When a government diverts resources into a large-scale birth control program, and aims directly at reducing national birth rates, the people easily misunderstand about the means to be used to achieve the end in view. In fact, the government appears in their eyes to give at least tacit approval to every means, provided it is effective. Official laws and policies are a powerful influence in forming or de-forming consciences.

At bi-monthly meetings of the Japan Catholic Population Research Association, one hears again and again that the root of Japan's family problems is the government promotion of family planning. Several times high ranking government officials have blamed America for introducing this policy into Japan. The Association has put out a booklet on family life with recommendations, including this one that the government should ease itself out of the business of promoting family planning:

Since the promotion of birth control for the sake of national economic development violates natural principles, and is the deepest cause of Japan's present family troubles; and since promotion of this policy by a Government agency creates misunderstandings and exerts harmful pressures on the population ... be it resolved that the Ministry of Welfare disassociate itself from the national population control policy completely.

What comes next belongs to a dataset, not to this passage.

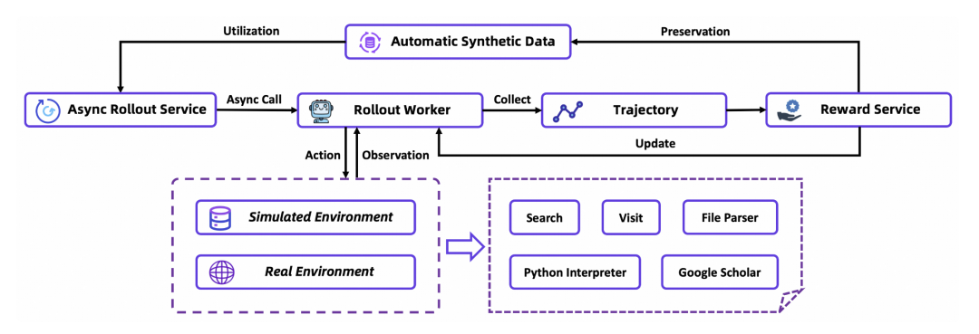 仿真训练环境:依赖实时Web API进行开发成本高昂、速度慢且不一致。我们利用离线维基百科数据库和自定义工具套件创建了一个模拟训练环境来解决这一问题。并且通过SailorFog-QA-V2的流程,为该环境生成专属的高质量数据,创建了一个经济高效、快速可控的平台,显著加快了我们的研究和迭代速度。 稳定高效的工具沙盒:为了确保在智能体训练和评估期间对工具的稳定调用,我们开发了一个统一的沙盒。该沙盒通过缓存结果、重试失败的调用以及饱和式响应等改进来高效地处理并发和故障。这为智能体提供了快速且鲁棒的交互环境,可以有效防止工具的错误响应破坏其学习轨迹。 自动数据管理:数据是提升模型能力的核心驱动力,其重要性甚至超过了算法。数据质量直接决定了模型是否能通过自我探索提升分布外泛化能力。因此,我们在训练动态的指导下实时优化数据,通过全自动数据合成和数据漏斗动态调整训练集。通过数据生成和模型训练之间的正向循环,这种方法不仅确保了训练的稳定性,还带来了显著的性能提升。 基于策略的异步框架:我们在rLLM之上实现了异步强化学习训练推理框架,多个智能体实例并行与(模拟或真实)环境交互,独立生成轨迹。

It is noteworthy that persons of influence in the government have pondered this recommendation with sympathy. One of them succeeded in cutting off a source of government funds for family planning, only to be frustrated when another source was made available. Another has printed a pamphlet to this effect, and is circulating it among his colleagues of the government ruling party.

If the American government imitates the Japanese government by promoting birth control at home and abroad; if it also sets up Dachau-like clinics to dispose of millions of fetuses and dulls the idealism of family life, perhaps it will also imitate Japan twenty years later by bowing itself out of this unworthy business. A wiser America would study Japan's experience today and decide not to blunder into the same simplistic trap.